20. yy. dan itibaren savaşların hiçbirinin asılında tam manasıyla kazananı olmamıştır.
Sadece taraflardan biri pes etmiştir.
Pes etmesinin pek çok nedeni olabilir.
Savaş sırasında rakibi zor duruma düşürmede en etkili taktik her zaman coğrafyayı doğru ve etkili kullanmak olmuştur. Ayrıca bu duruma rakibin lojistik desteğini keserseniz rakibi al aşağı etmeniz adeta kaçınılmaz olacaktır.
Bu yüzden bir çok devlet, jeopolitik ve jeostratejik durumlar oluştururlar genellikle savunma konusunda.

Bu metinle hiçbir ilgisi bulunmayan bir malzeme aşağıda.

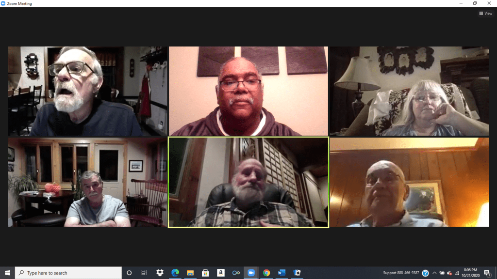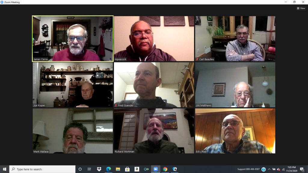 Our meeting was held on October 22 at 7:00 via Zoom. Attending were Jim Cerra, Rick Wortman, Carl Beaulieu, Patty Jennings, Ed Nikles and Mike Peacock.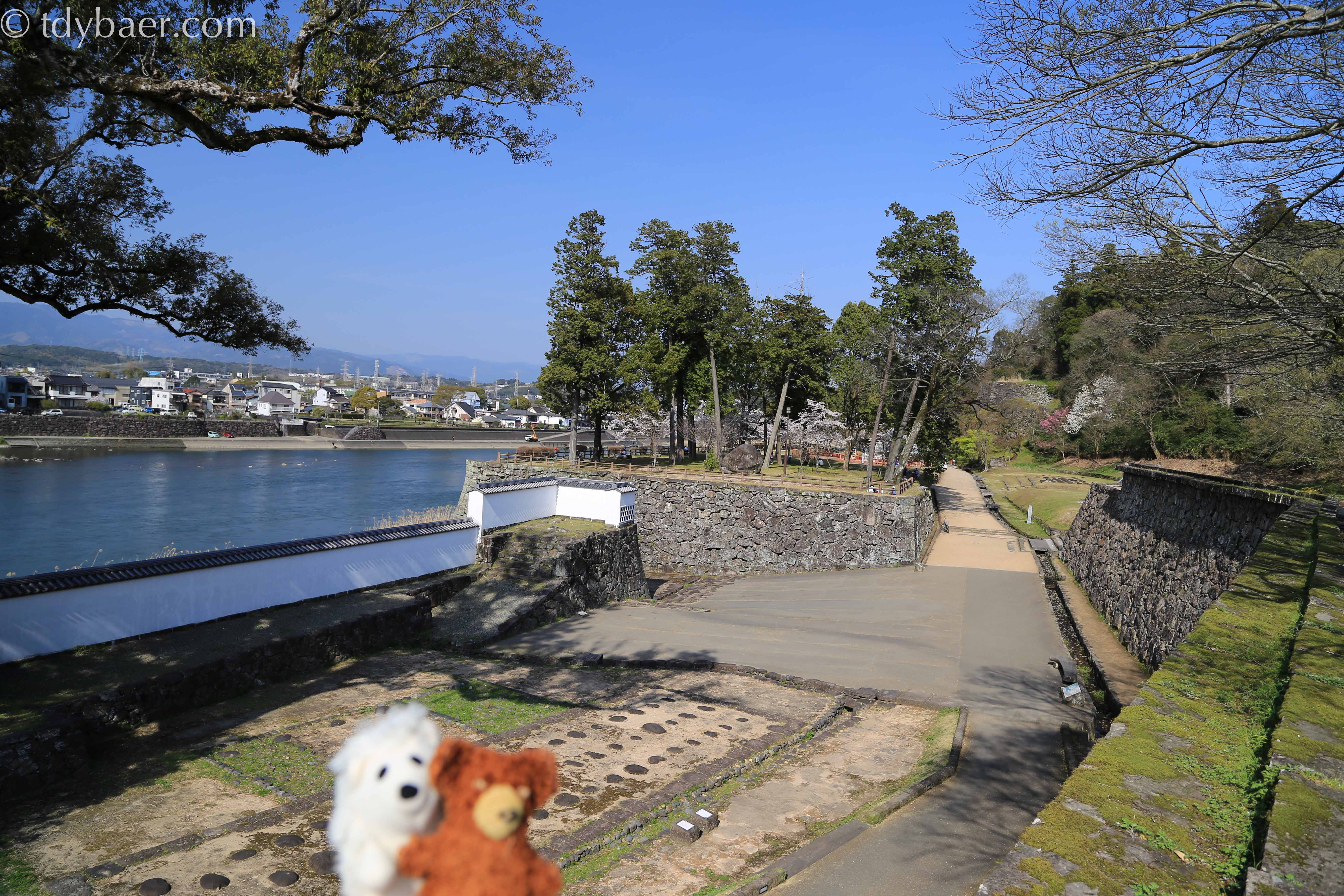 Die steinernen Mauern umschließen die Burgstadt von Hitoyoshi. Vor uns wieder der Kumagawa River mit einem schönen Blick auf die Stadt und die Bergwelt rundherum.
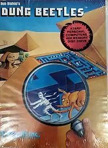 Dung Beetles is an Apple II maze game by Bob Bishop published in 1982 by Datasoft.[1] The gameplay is similar to Pac-Man, but a portion of the maze around the player-controlled character is enlarged as if being viewed through a square magnifying lens.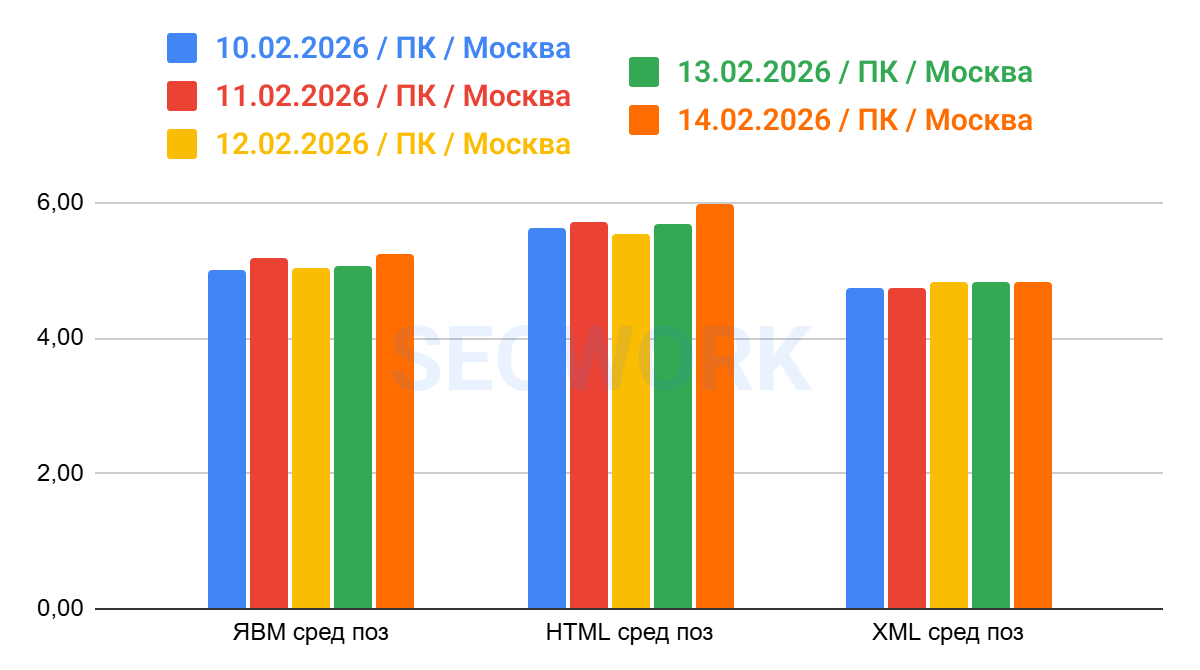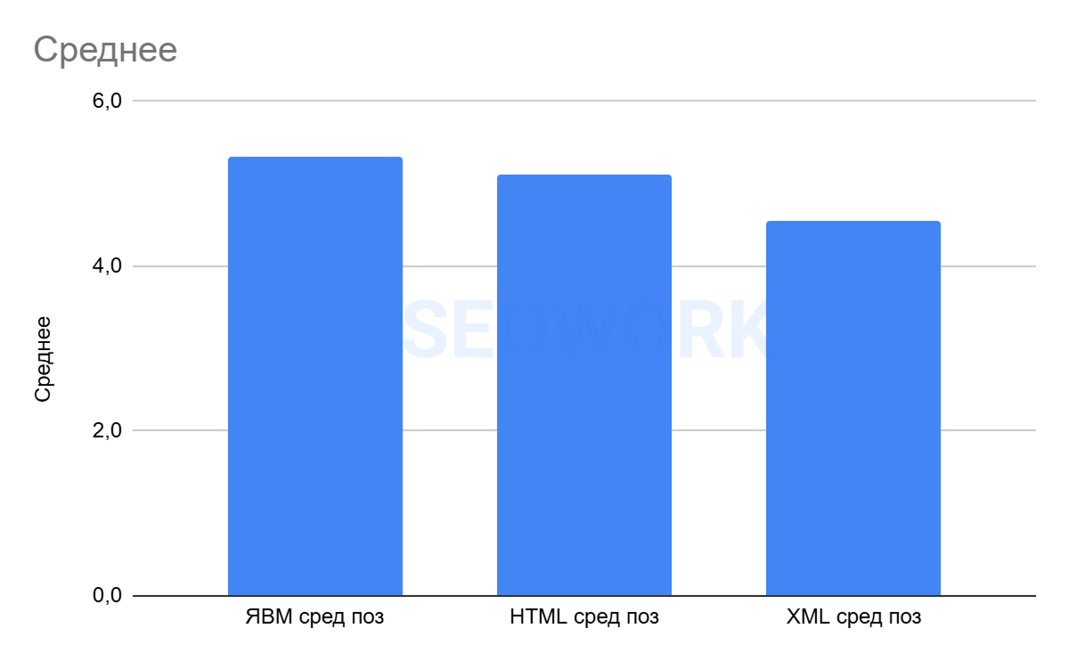 На графике отражено сопоставление данных по средней позиции из Яндекс Вебмастера, HTML (SEOWORK) и XML. Это усреднённые данные за всё время наблюдений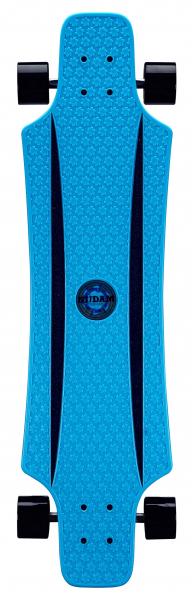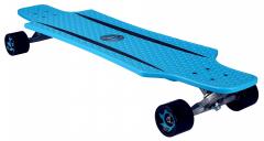High-grade, plastic 36 inch dropthrough deck, integrated reinforcement ribs, integrated grip profile, alu heavy duty truck with PU cushioning, top-mount axl montage, ABEC 7 bearings, PU spoke wheels size 70 x 51 mm. Smooth, highly comfortable riding properties, flexible hi-impact deck, excellent curve/carve capacity. Dimension ca. 91.5 x 23 cm.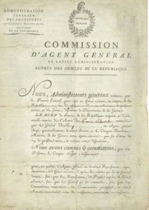 TRANSPORTS ET CONVOIS MILITAIRES. P.S. par 15 personnes, Paris 3 juin 1793 ; 3 pages in-fol. en partie impr. à en-tête Administration générale des transports et convois militaires pour le compte de la Républiques. Commission d'Agent général auprès des Armées de la République, vignette, 3 cachets de cire rouge (légère fente au pli).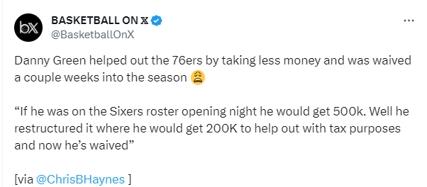据名记Chris Haynes报道,丹尼-格林主动将自己的首秀奖金从50万美元降低至20万美元,以求让76人更好建队,但他还是在涉及哈登的交易中被球队裁掉。

Ancak dediğim gibi savaşın kazananı olmaz. Bunun en güzel örneğini İngiltere'dir. Britanya, 2 tane dünya savaşının da sözde kazanan kısmında yer almışlardır. Ancak Btiranya iki dünya savaşını da kazanmasına rağmen bütün sömürgelerini kaybetmesine engel olamamıştır.

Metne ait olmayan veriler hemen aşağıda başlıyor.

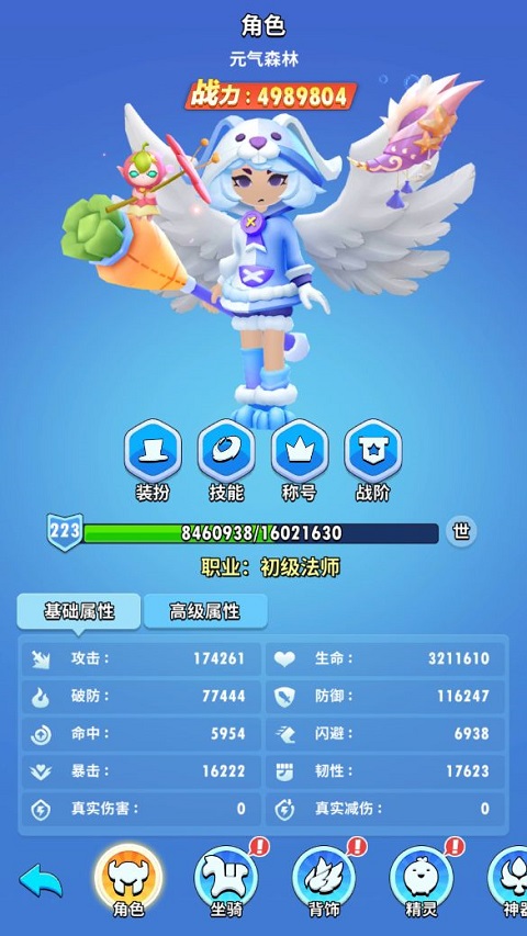 角色主要展示了角色的战力、等级、属性等。其中,属性分为基础属性与极品属性: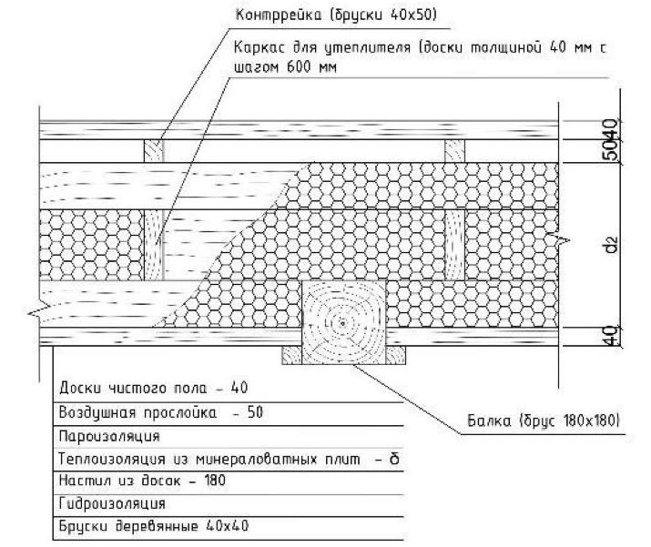 Первый вариант устройства цокольного перекрытия является традиционным и широко применяется в малоэтажном строительстве для различных вариантов объемно-планировочных и конструктивных решений домов. Один слой утеплителя укладывается между брусьями обвязки, дополнительный слой (слои) – между досками каркаса, связанными с шагом 590 мм для плотного прилегания. Сечение досок каркаса подбирается с учетом толщины утеплителя. В проектах часто принимают сечение балок из брусьев 180×180 мм.

Anadolu İhtilalinin ardından orta doğu, Hindistan, afrikada bir çok sömürge halk isyan etmiş ve 2. Dünya savaşından sonra hemen hepsi manda olmaktan kurtulmuştur.

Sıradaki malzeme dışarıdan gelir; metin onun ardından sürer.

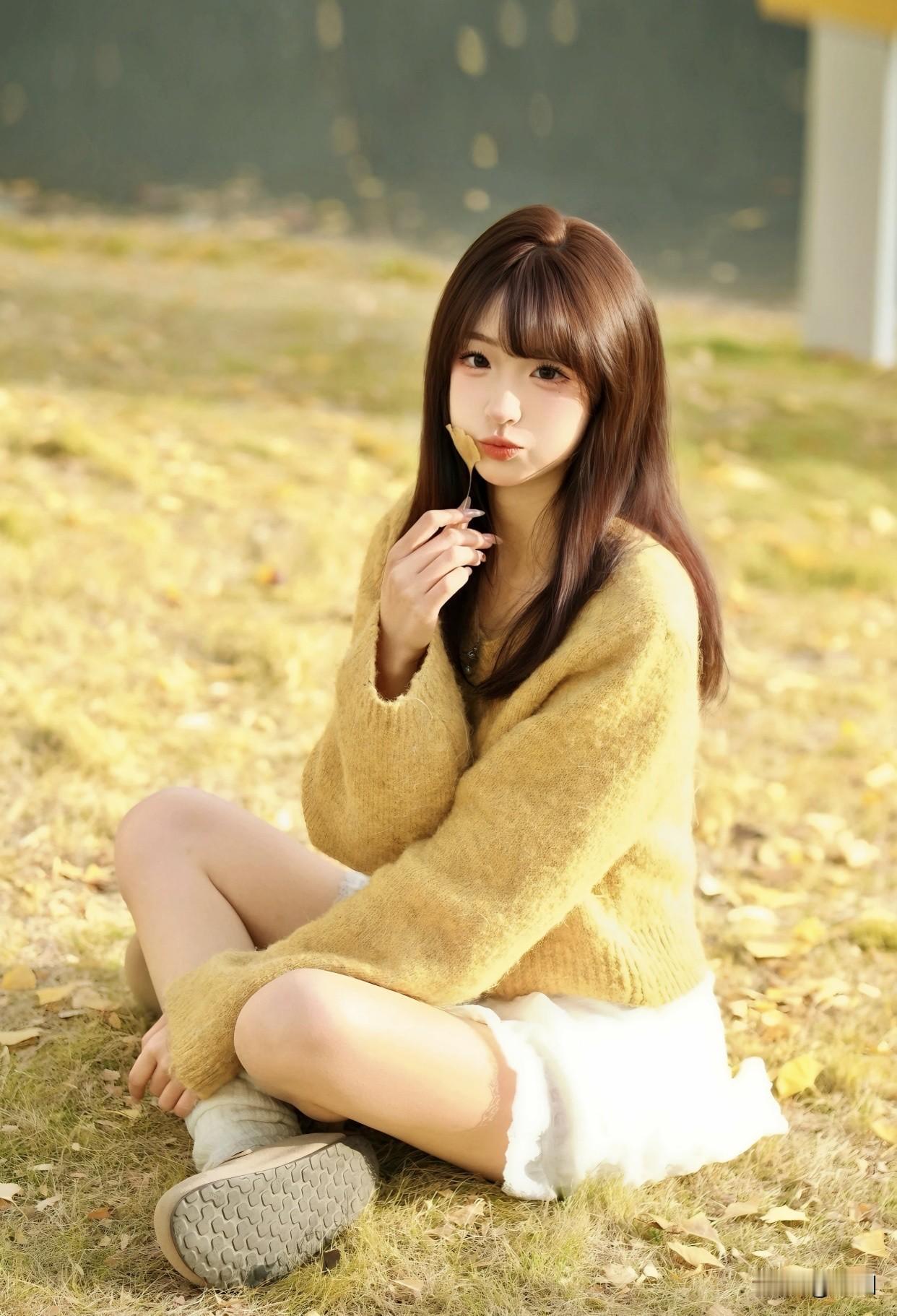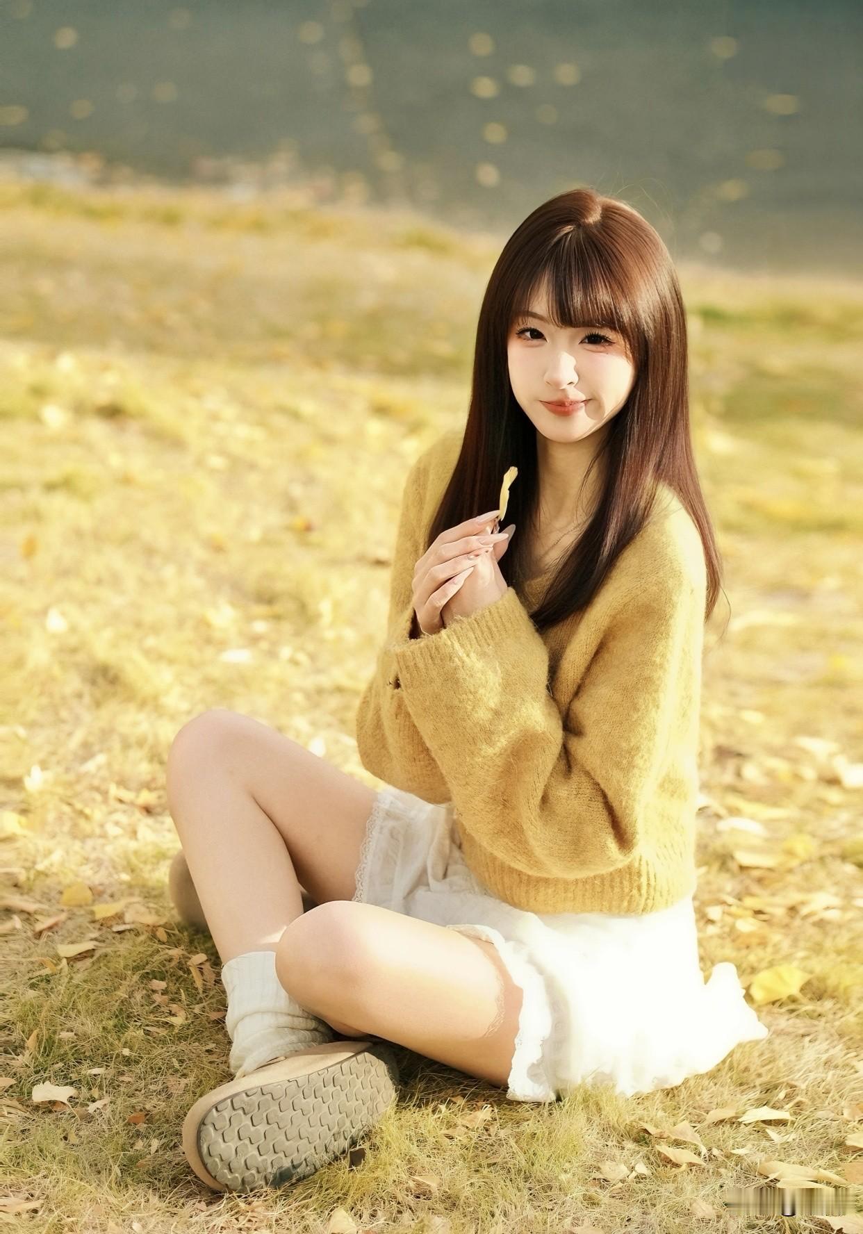 还有淡黄针织短袖配米白百褶裙,也是户外温柔穿搭的典范。淡黄与米白经典清新,针织短

Hatta Osmanlı'nın ve Roma'nın çöküş nedenlerinden en büyüğü de bitmek bilmeyen savaşlar silsilesidir. Osmanlı tarihine bakın, 18. yy dan sonra bir savaş silsilesi başlar ve ta 20. Yy. ın ilk çeyreğini geçebe kadar devam eder. Halk bitmiş, ekonomi mahfolmuş haldedir. Ve ya Roma, kavimler göçünden sonra avrupadaki bitmek tükenmeyen barbar akınlarına Roma bir süre sonra dayanamamış ve ciddi buhranlar yaşamış ve ikiye bölünmüştür...
Ve son olarak belirtmek isterim ki, savaşı liderler hariç hiç kimse çıkarmak istemez. Buna silah sanayisi dahil. Savaş demek her zaman kaos demek olmuştur. Ve şirketler hiç bir zaman kaosu sevmezler. Savaşı çıkaranlar sadece liderlerdir. Ölen ise her zaman garibanlar.
Savaşın ne denli bir kaos olduğunu şu an en iyi bizim coğrafya anlar. Ancak bozulan ekonomiler, toplumları radikalleştirir. Radikal toplumlar, ya deli ya cahil ya da radikal liderleri başa getirir. O liderler de savaştan korkmazlar ve faciaları da peşinden getirirler.